In the data below, locate the line containing "VETRINA IN LEGNO" and the line containing "где: Rпрод –", then retype both and everything between them exactly. Pictures are not part of the copy.

Records provided
'''
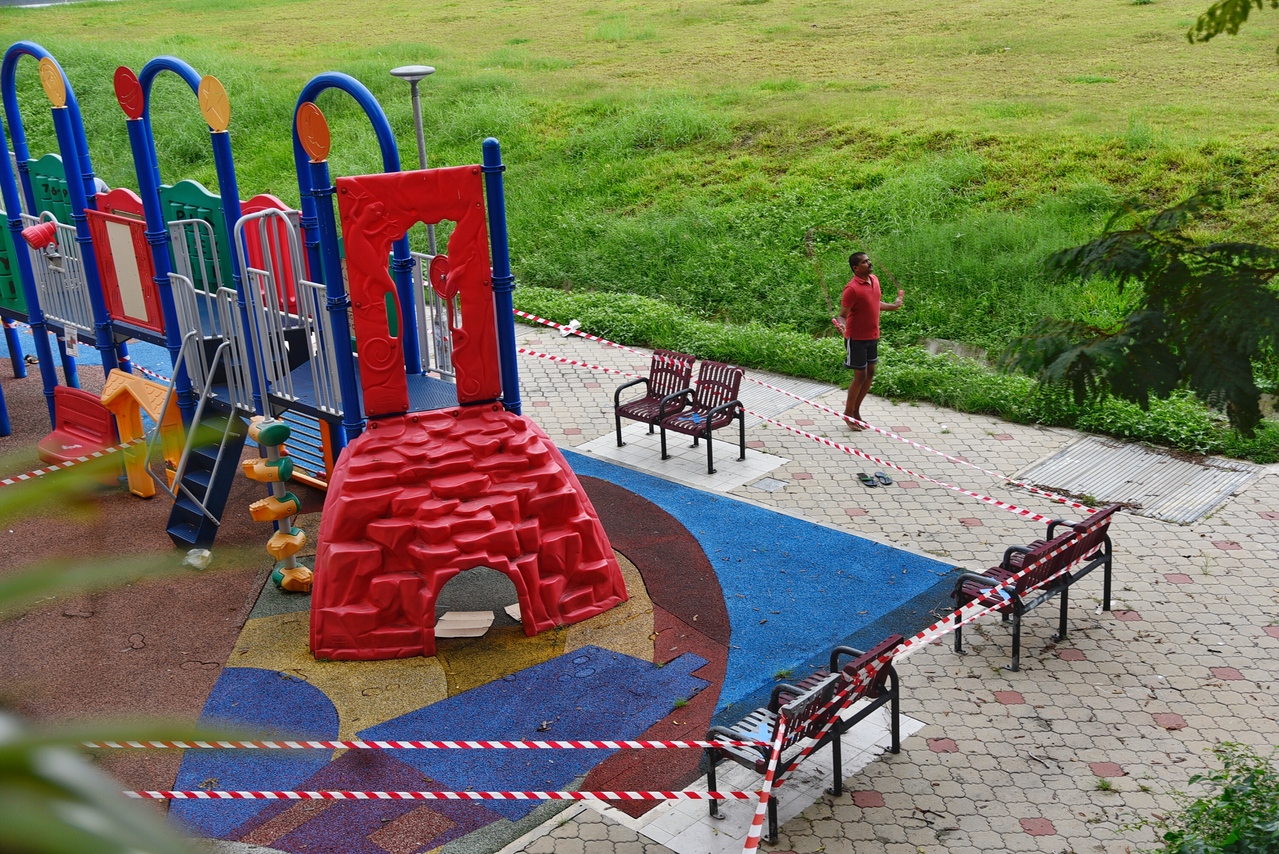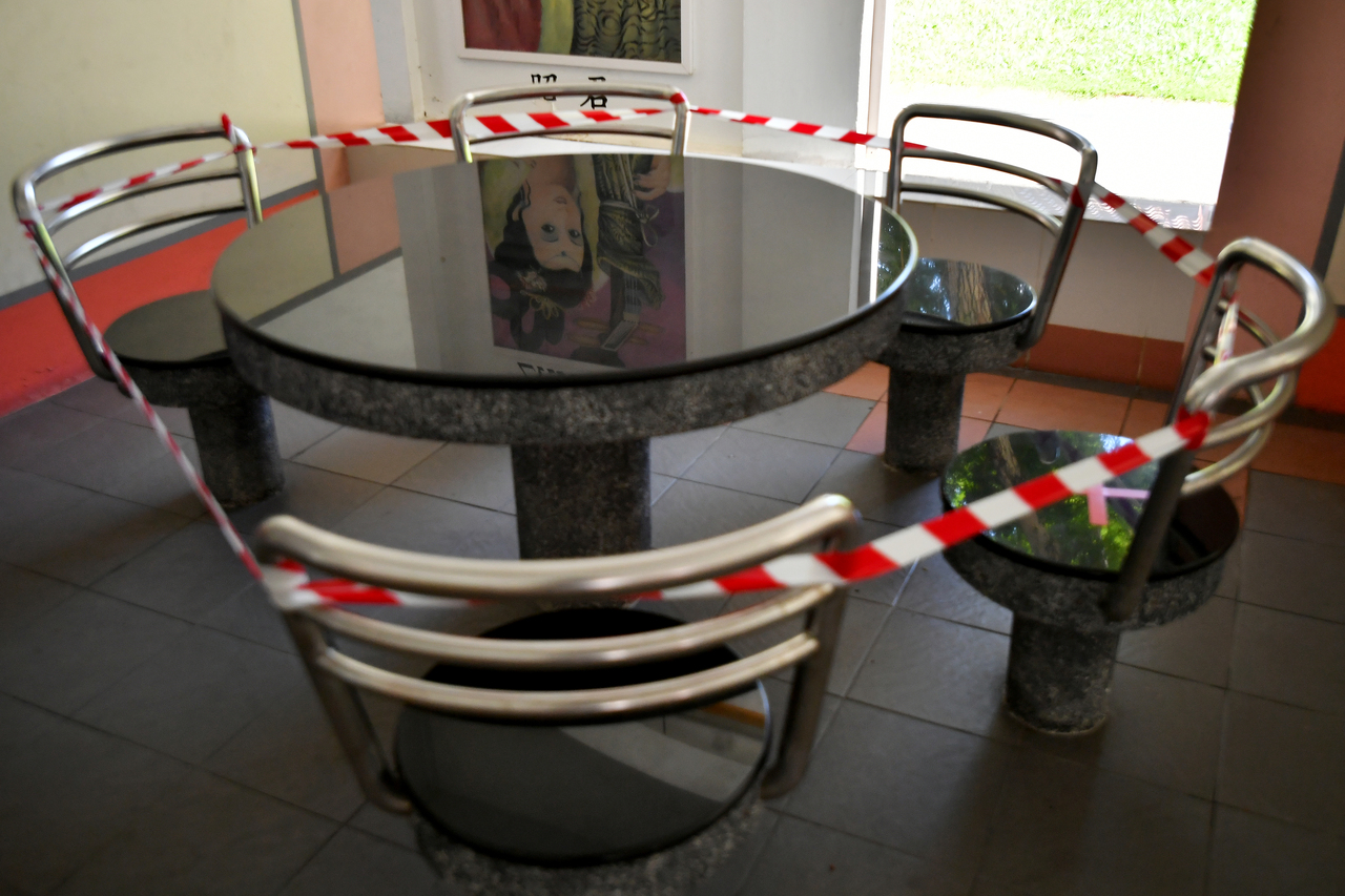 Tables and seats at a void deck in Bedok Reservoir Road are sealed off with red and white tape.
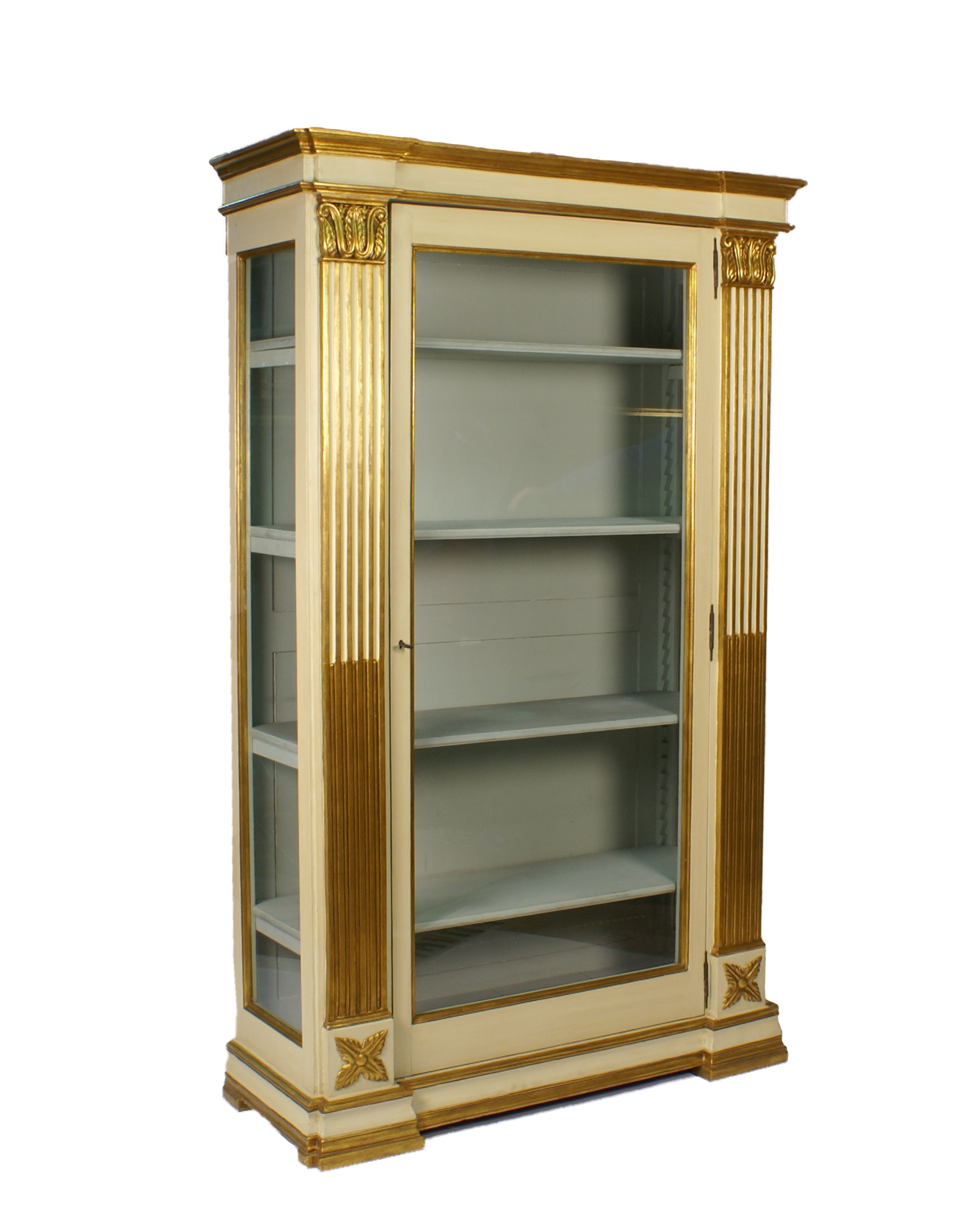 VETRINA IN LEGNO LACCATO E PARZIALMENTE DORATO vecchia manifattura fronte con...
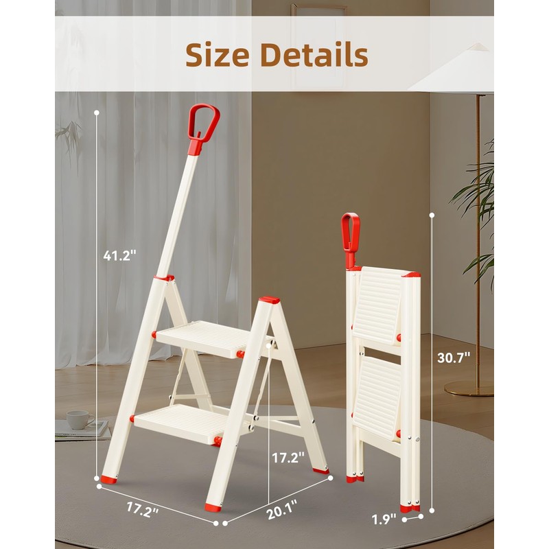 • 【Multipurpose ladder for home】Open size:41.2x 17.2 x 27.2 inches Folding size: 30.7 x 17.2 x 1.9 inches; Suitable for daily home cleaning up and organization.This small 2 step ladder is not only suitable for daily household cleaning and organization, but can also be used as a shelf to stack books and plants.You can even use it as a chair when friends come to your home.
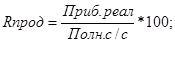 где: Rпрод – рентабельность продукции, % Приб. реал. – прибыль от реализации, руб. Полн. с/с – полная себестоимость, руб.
'''
'''
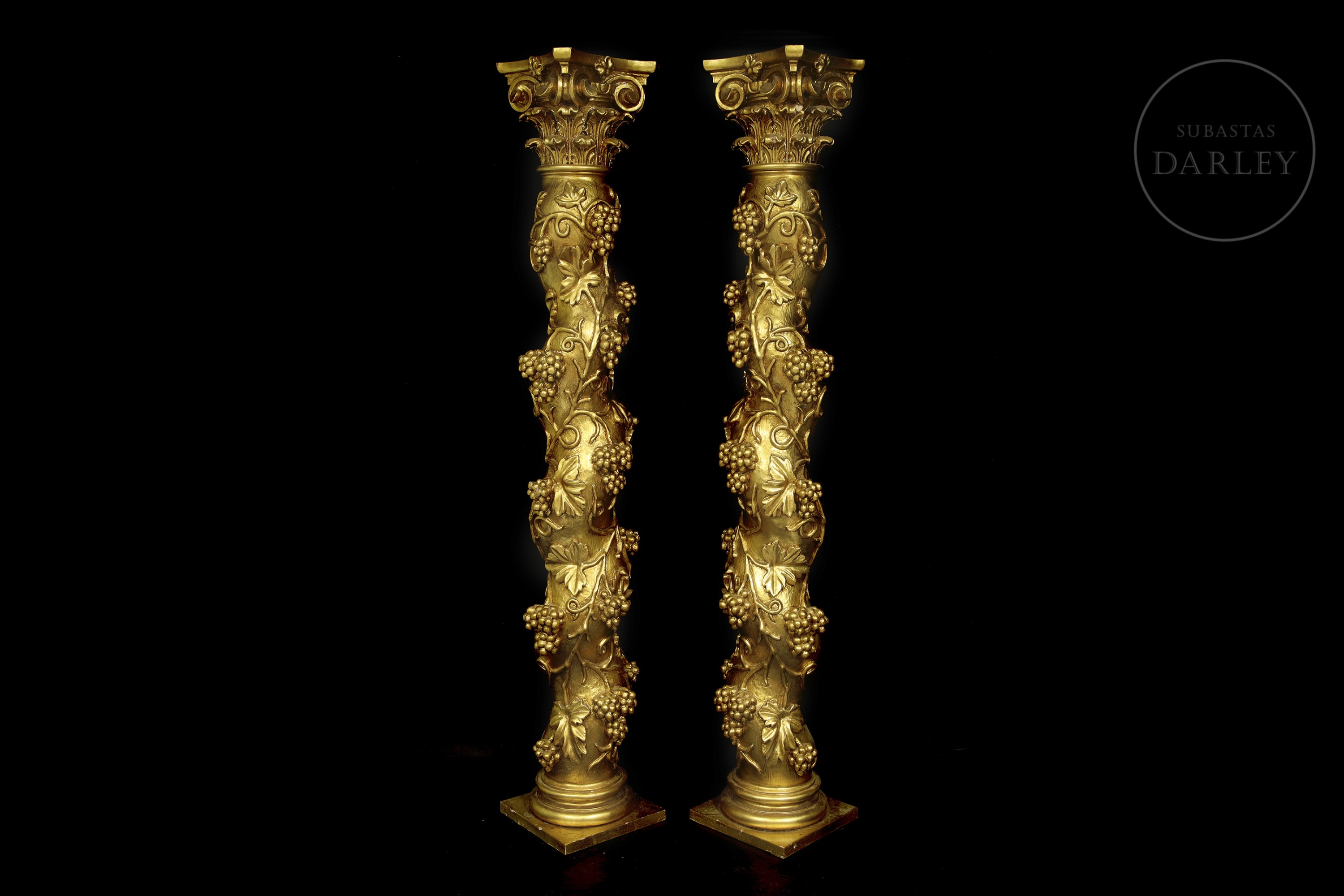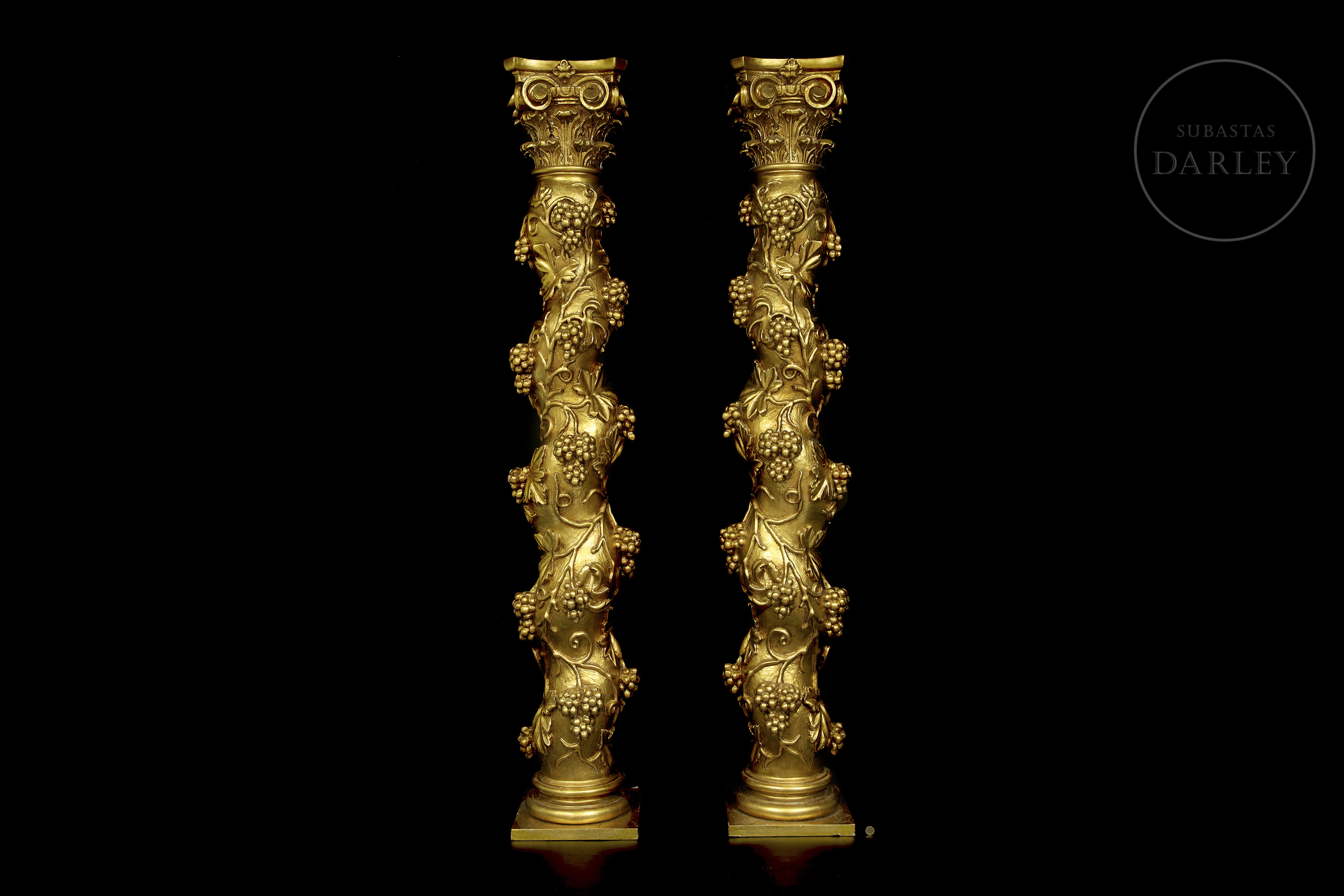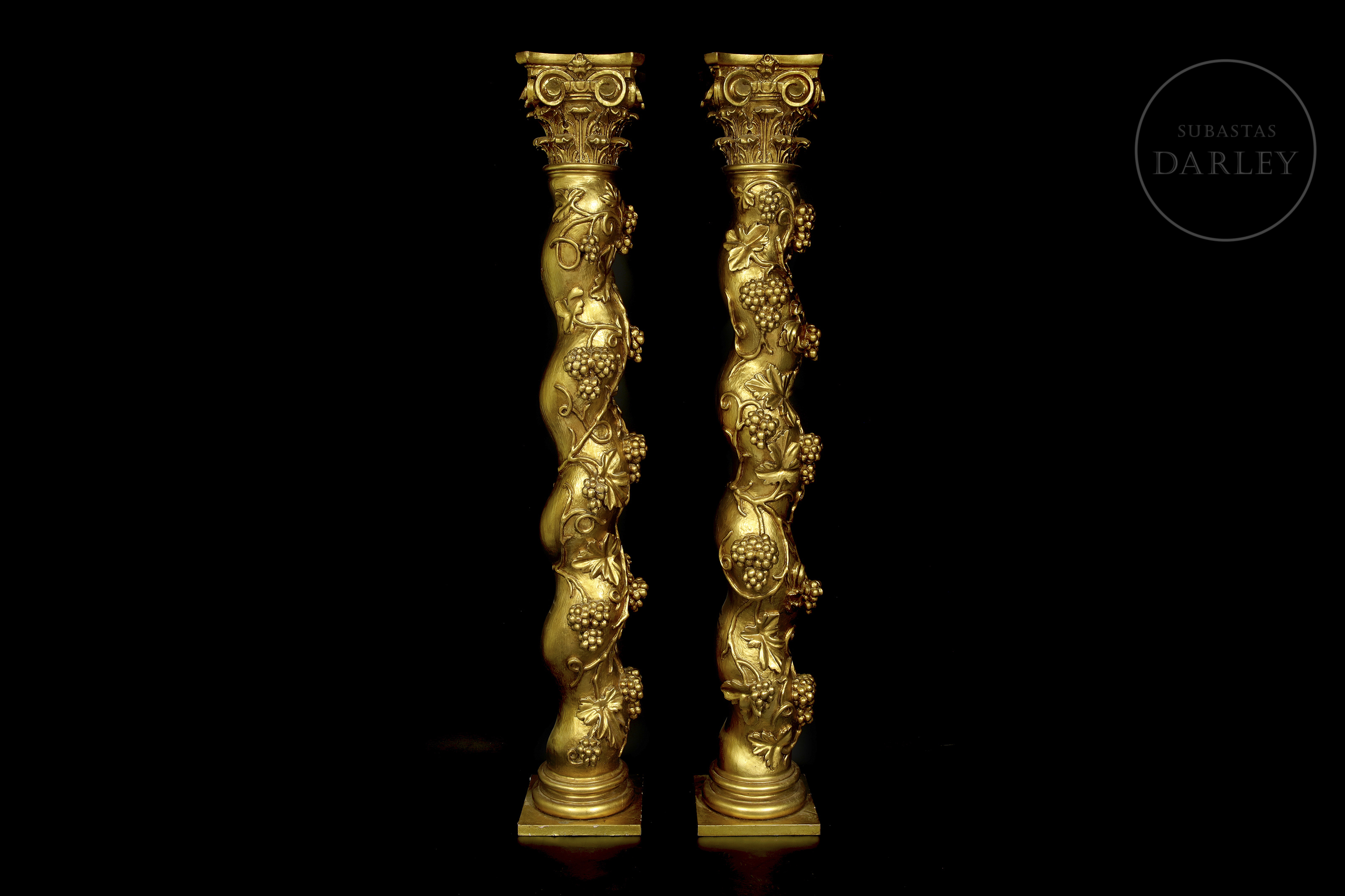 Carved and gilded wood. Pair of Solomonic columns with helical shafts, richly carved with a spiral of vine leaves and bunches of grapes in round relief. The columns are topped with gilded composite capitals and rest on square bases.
'''
'''
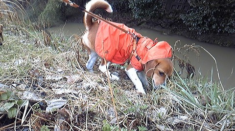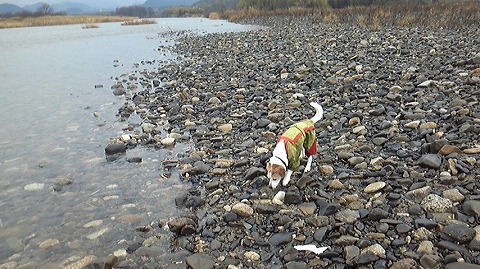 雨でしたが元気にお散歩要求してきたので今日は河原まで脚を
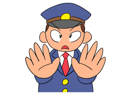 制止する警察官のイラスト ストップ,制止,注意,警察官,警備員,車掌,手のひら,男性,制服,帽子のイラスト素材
'''
Exercise response
 VETRINA IN LEGNO LACCATO E PARZIALMENTE DORATO vecchia manifattura fronte con...
 • 【Multipurpose ladder for home】Open size:41.2x 17.2 x 27.2 inches Folding size: 30.7 x 17.2 x 1.9 inches; Suitable for daily home cleaning up and organization.This small 2 step ladder is not only suitable for daily household cleaning and organization, but can also be used as a shelf to stack books and plants.You can even use it as a chair when friends come to your home.
 где: Rпрод – рентабельность продукции, % Приб. реал. – прибыль от реализации, руб. Полн. с/с – полная себестоимость, руб.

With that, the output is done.